In the detection unit 303, a clustering analysis unit 315 outputs a clustering result 316 generated by classifying the delay profile. The determining unit 318 refers to the learning table 312 and detects an event corresponding to the clustering result 316. If the certainty (confidence) of event detection exceeds the detection threshold, it is determined that the event recorded in the learning table 312 is detected (320), and if the certainty is smaller than the detection threshold, it is determined that the corresponding event does not exist. (319). A wireless event can be detected by the processing described above.

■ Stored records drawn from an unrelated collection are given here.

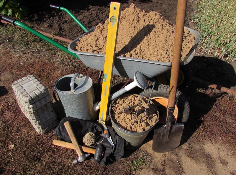 Составленный чертеж, выполненная разметка – это первая стадия. Следующей точкой станет подготовительная фаза предстоящих работ, на этом этапе требуется выбрать материалы и инструменты. Далее приступают к земляным работам.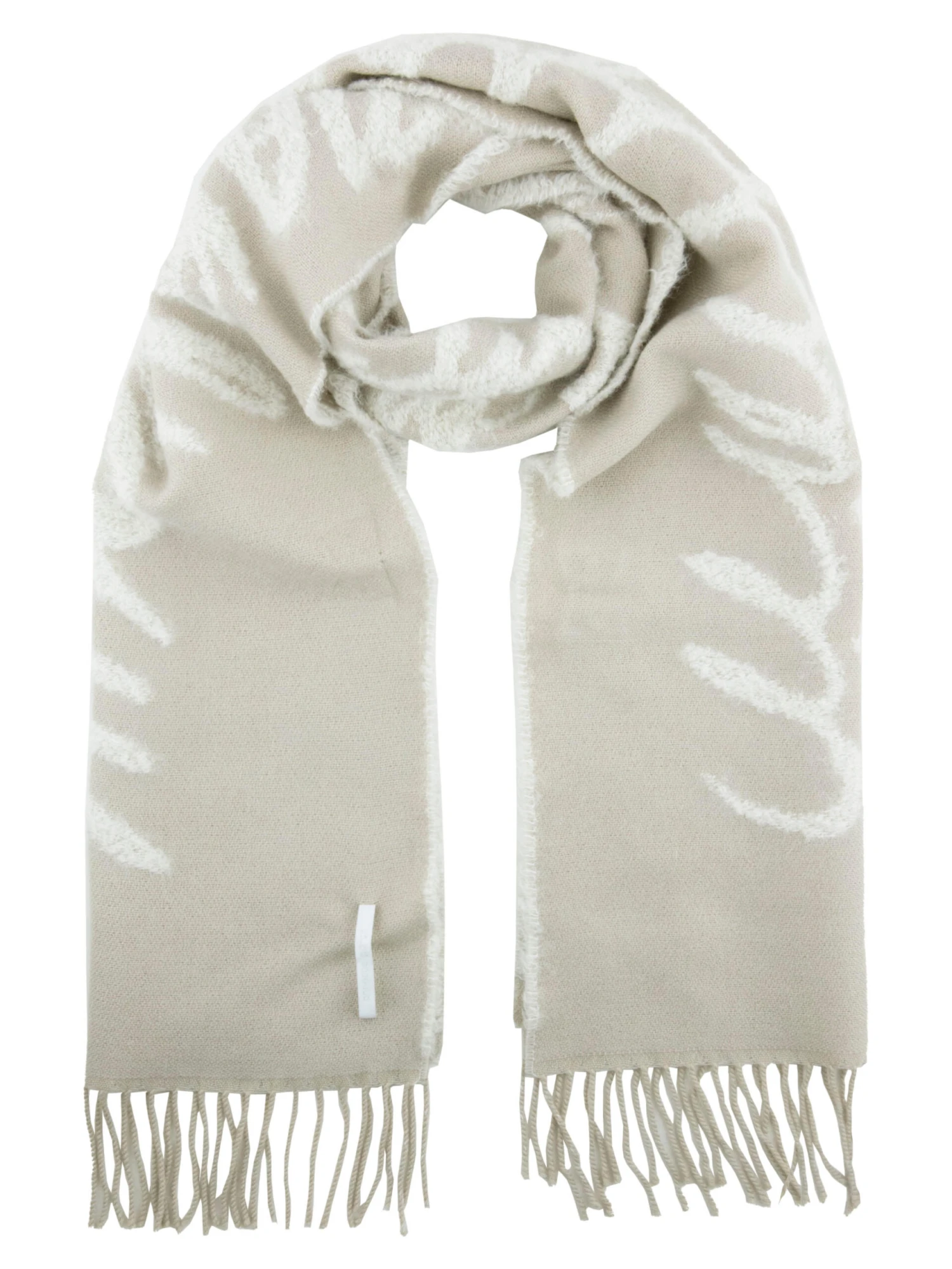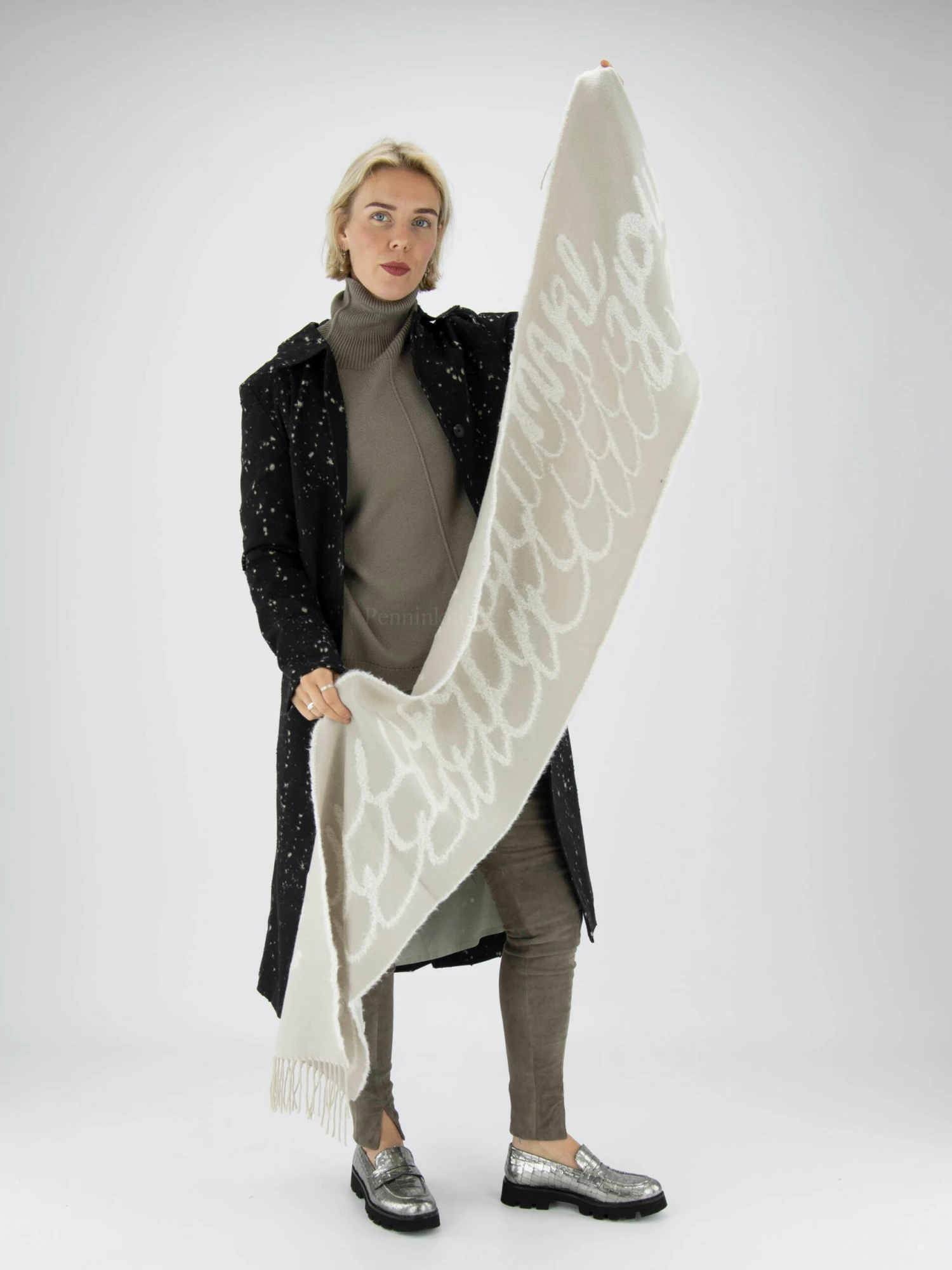 Een shawl van Annette Görtz in een beige kleur met een tekst die geschreven is in een witte kleur. Aan het uiteinde van de shawl zijn franjes. Deze shawl mag op de hand worden gewassen.
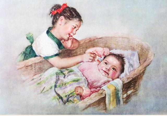 略大一點的姐姐手里拿著奶嘴,放到小弟弟嘴邊逗樂,臉上飽含著滿滿的關懷疼愛之情,這是一份甜蜜的責任,更一種純情的陪伴。

Note that in the configuration described above, the wireless sensor 103 has the wireless analysis section 301, the learning section 302, and the detection section 303; however, the wireless sensor 103 has the wireless analysis section 301, and the server 107 has the learning section 302 and the detection section 303. It may have.

Next, an example of the hardware configuration of the wireless sensor 103 will be described with reference to FIG. 4. The wireless sensor 103 includes a wireless processing section 401 and an information processing section 402. The wireless processing section 401 includes an antenna 403, an analog high frequency circuit section 404, and a digital signal processing section 405. Analog high frequency circuit section 404 converts the radio waves captured by antenna 403 into baseband signals. The digital signal processing section 405 demodulates the baseband signal output from the analog high frequency circuit section 404 and generates a digital signal.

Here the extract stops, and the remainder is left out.